Shelley Niro at Remai Modern, Saskatoon
By Lindsay Sorell
Shelley Niro’s 500 Year Itch is a three-room solo exhibition showing over seventy artworks that span her career from student work at the Ontario College of Art and Design to present-day projects. The title is a play on The Seven Year Itch, a 1955 film starring Marilyn Monroe woven around the concept that, after seven years of marriage, all men are driven to have an affair. Alluding to the colonial relationship between the Indigenous and settler peoples, Niro humorously apprehends a Hollywood narrative and, like the husband in the movie, fantasizes beyond the bounds and expectations of the colonial relationship. As a member of the Bay of Quinte Kanien’kehaka (Mohawk) Nation, Turtle Clan, Niro’s retrospective honours traditional Kanien’kehaka matriarchal ways, traditional knowledge, and history – all within a theatrical frame that subverts and juxtaposes expectations.

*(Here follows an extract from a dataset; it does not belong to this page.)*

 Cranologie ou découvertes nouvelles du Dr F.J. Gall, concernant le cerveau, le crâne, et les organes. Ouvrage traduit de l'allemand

Shelley Niro, The Iroquois is a Highly Developed Matriarchal Society, 1991, hand-colored gelatin silver prints, triptych
Niro’s female family members are the key storytellers throughout her lifetime of work. Image after image shows the artist and her sisters dressed up in beehives for a day in town. Her photo The Iroquois is a Highly Developed Matriarchal Society from 1991 acts out a parody of disconnected anthropological textbook descriptions of the Haudenosaunee, while recognizing the continued value of Niro’s female family members and re-asserting the value and presence of women.

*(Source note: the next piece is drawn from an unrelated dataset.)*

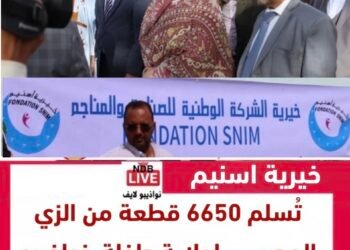 سلمت اليوم الاثنين 12/01/2026 خيرية الشركة الوطنية للصناعة والمناجم اسنيم بمنى ولاية داخلة انواذيبو 6650 قطعة من الزي المدرسي الموحد...

Shelley Niro, The Rebel, 1987/2022, hand-tinted gelatin silver print
Women are traditionally relied on for guidance and leadership in Kanien’kehaka traditional life. Raven’s World from 2015 is a series of paintings including three portraits of her only granddaughter Raven: one with Grandmother Moon (protector and guardian of Turtle Island), another with corn (symbol of Haudensaunee survival and sustenance), and the third with an aviator cap (referencing Sky Woman). M: Stories of Women from 2011 features Niro’s daughter Naoga as Sky Woman, a pregnant woman in heels falling through the hole in the sky, guided by geese to turtle island, the beginning of all things. Niro’s mother Chiquita is notably the title image for the whole exhibition. The hand-tinted gelatin silver print called The Rebel (1987/2022) depicts her mother posing in a red shirt and red shoes on the back of a Rebel model of car. Her confidence and joy on display in defiance of confining and dispiriting stereotypes.

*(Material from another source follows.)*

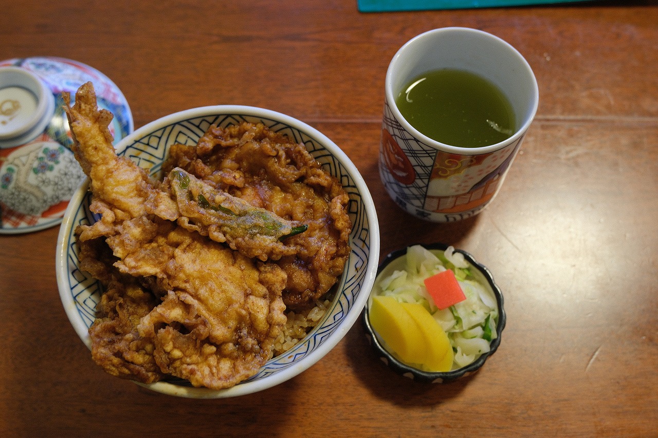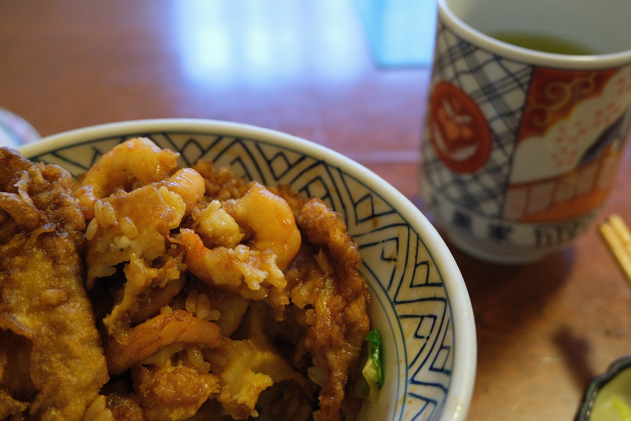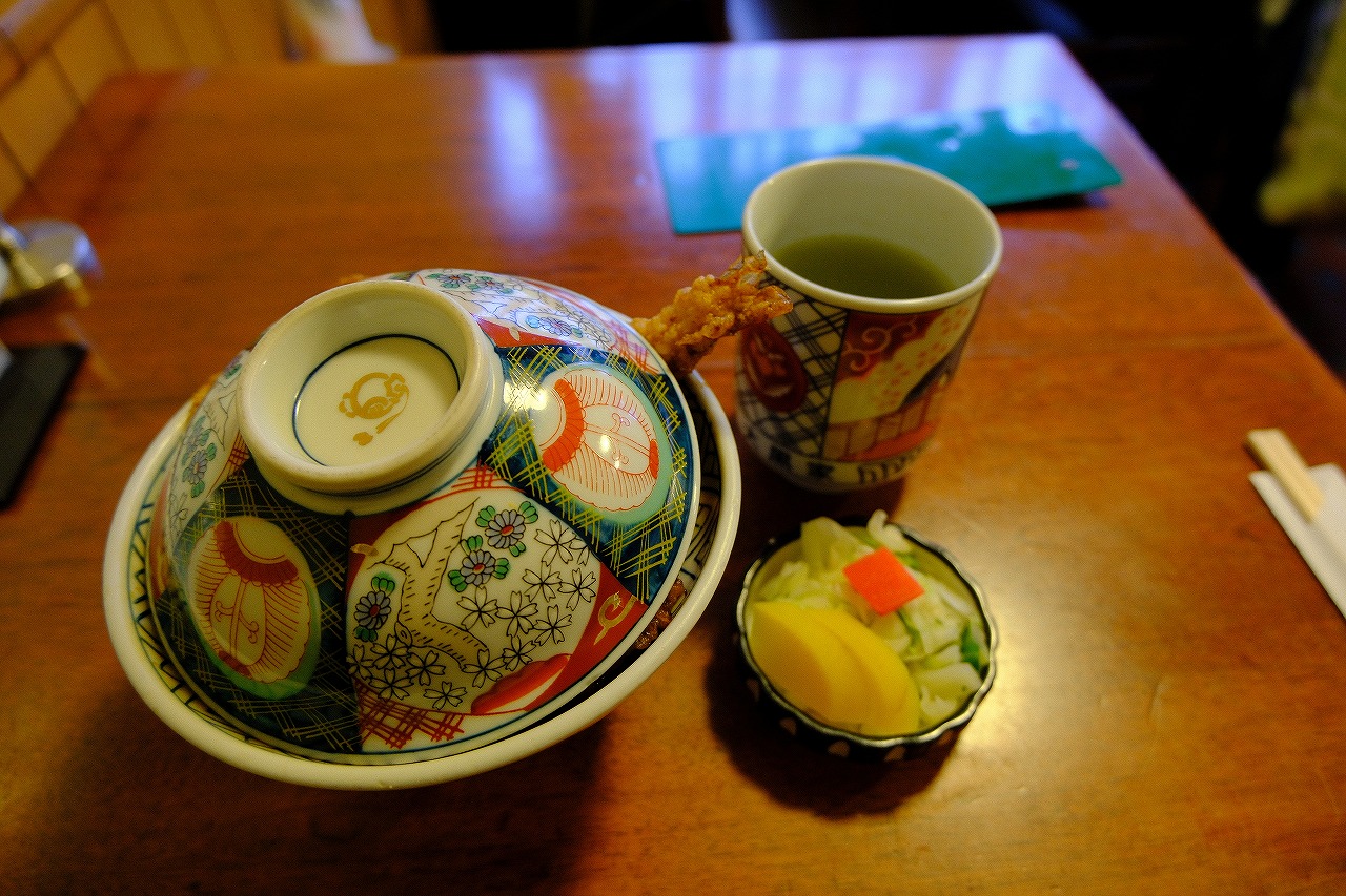天ぷらのネタに関しては海老も細く味わいもあまり感じませんが、ふわっとした食感の衣、濃そうで濃くない丼たれとのマッチングが老舗ならではの技を感じる天丼でした。

Shelley Niro, 500 Year Itch, 1992, gelatin silver print heightened with applied colour, mounted on Masonite
Niro continues the family tradition of subverting stereotypes in her 1992 series of self-portraits titled Mohawk Worker. She dresses up as a construction worker in work boots putting lipstick on, in a blonde wig with a Marilyn Monroe-style halter dress, and as a mime in full costume with white mask, beret, and vest. The series reflects its counterpart, the Sleeping Warrior Series from 2012 that shows an Indigenous man dreaming of different stereotypical patriarchal roles: buffalo hunter, cowboy, soldier, and businessman. Both Indigenous woman and man try out different identities in society, taking on the different masks presented to them or expected of them. They are dreaming of and dreaming past stereotypes toward something real, something better.

Shelley Niro, Abnormally Aboriginal, 2014-2017, colour inkjet prints on canvas
Sometimes taking a darkly humourous approach and other times approaching it with simple seriousness, Niro’s body of work as displayed in 500 Year Itch shows deep care for her family, a personal and present view of matriarchy, and the desire to inspire change toward respect for the Haudenosaunee traditional ways and peoples. Stripping down the dramatic facade of colonial commercialized culture, Niro tenderly reveals the reality of history and a very present grappling with decolonizing identity.
Shelley Niro: 500 Year Itch continues until September 21.
Remai Modern: https://remaimodern.org/
The gallery is accessible.
Lindsay Sorell is an artist and researcher based in Waskesiu, Saskatchewan.